Dataset extract >>

-------------------------

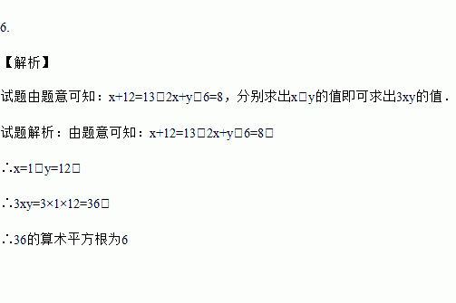 已知x+12平方根是±,2x+y﹣6的立方根是2,求3xy的算术平方根.
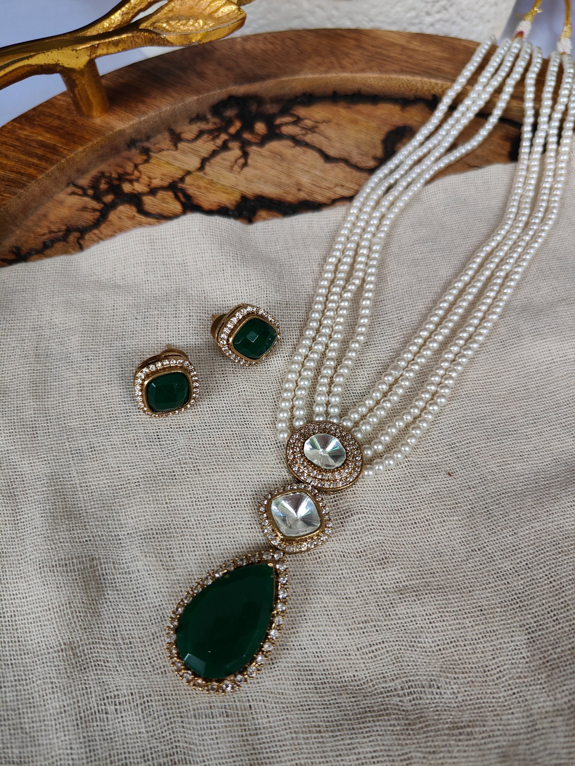 Elevate your look with the timeless charm of our Padma Necklace Set, a piece that whispers elegance and radiates confidence. Featuring four delicate layers of luminous pearls, this necklace flows gracefully, drawing attention to its striking green teardrop pendant, surrounded by a halo of shimmering crystals.
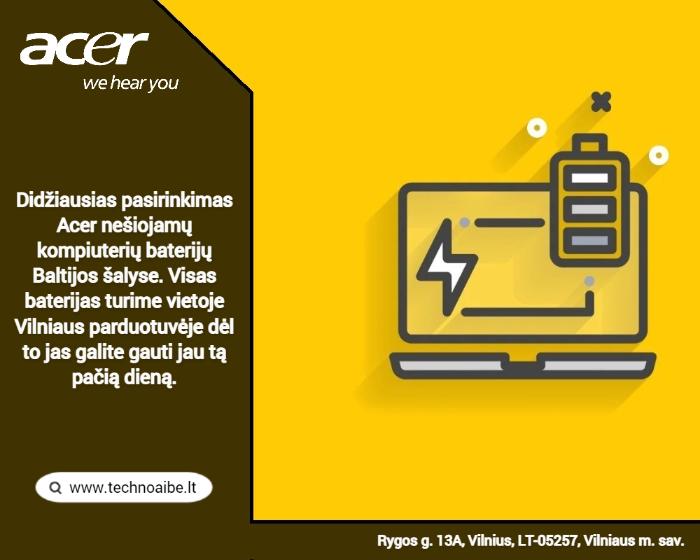 Acer nešiojamieji kompiuteriai turi ličio jonų akumuliatorių, nauja baterija užtikrina, kad nešiojamasis kompiuteris gali veikti kelias valandas. Tačiau laikui bėgant nešiojamojo kompiuterio akumuliatoriai ištuštins ir kompiuterio darbo laikas bus žymiai sutrumpintas arba akumuliatorius visiškai atsisako paklusti ir turėtų būti pakeistas nauju. Pas mus didžiausias pasirinkimas Acer nešiojamų kompiuterių baterijų Baltijos šalyse. Visas baterijas turime vietoje Vilniaus parduotuvėje dėl to jas galite gauti jau tą pačią dieną. Mes importuojame nešiojamų kompiuterių baterijas tiesiai iš gamintojų. Bendradarbiaujame su visais pagrindiniais kompiuterių gamintojais. Parduodame tiek originalius akumuliatorius, tiek aukštos kokybės pakaitalus pagamintus pagal mūsų specialius reikalavimus.

-------------------------

When you repeat the data, keep every line exact and drop the images.

Answer >>
 已知x+12平方根是±,2x+y﹣6的立方根是2,求3xy的算术平方根.
 Elevate your look with the timeless charm of our Padma Necklace Set, a piece that whispers elegance and radiates confidence. Featuring four delicate layers of luminous pearls, this necklace flows gracefully, drawing attention to its striking green teardrop pendant, surrounded by a halo of shimmering crystals.
 Acer nešiojamieji kompiuteriai turi ličio jonų akumuliatorių, nauja baterija užtikrina, kad nešiojamasis kompiuteris gali veikti kelias valandas. Tačiau laikui bėgant nešiojamojo kompiuterio akumuliatoriai ištuštins ir kompiuterio darbo laikas bus žymiai sutrumpintas arba akumuliatorius visiškai atsisako paklusti ir turėtų būti pakeistas nauju. Pas mus didžiausias pasirinkimas Acer nešiojamų kompiuterių baterijų Baltijos šalyse. Visas baterijas turime vietoje Vilniaus parduotuvėje dėl to jas galite gauti jau tą pačią dieną. Mes importuojame nešiojamų kompiuterių baterijas tiesiai iš gamintojų. Bendradarbiaujame su visais pagrindiniais kompiuterių gamintojais. Parduodame tiek originalius akumuliatorius, tiek aukštos kokybės pakaitalus pagamintus pagal mūsų specialius reikalavimus.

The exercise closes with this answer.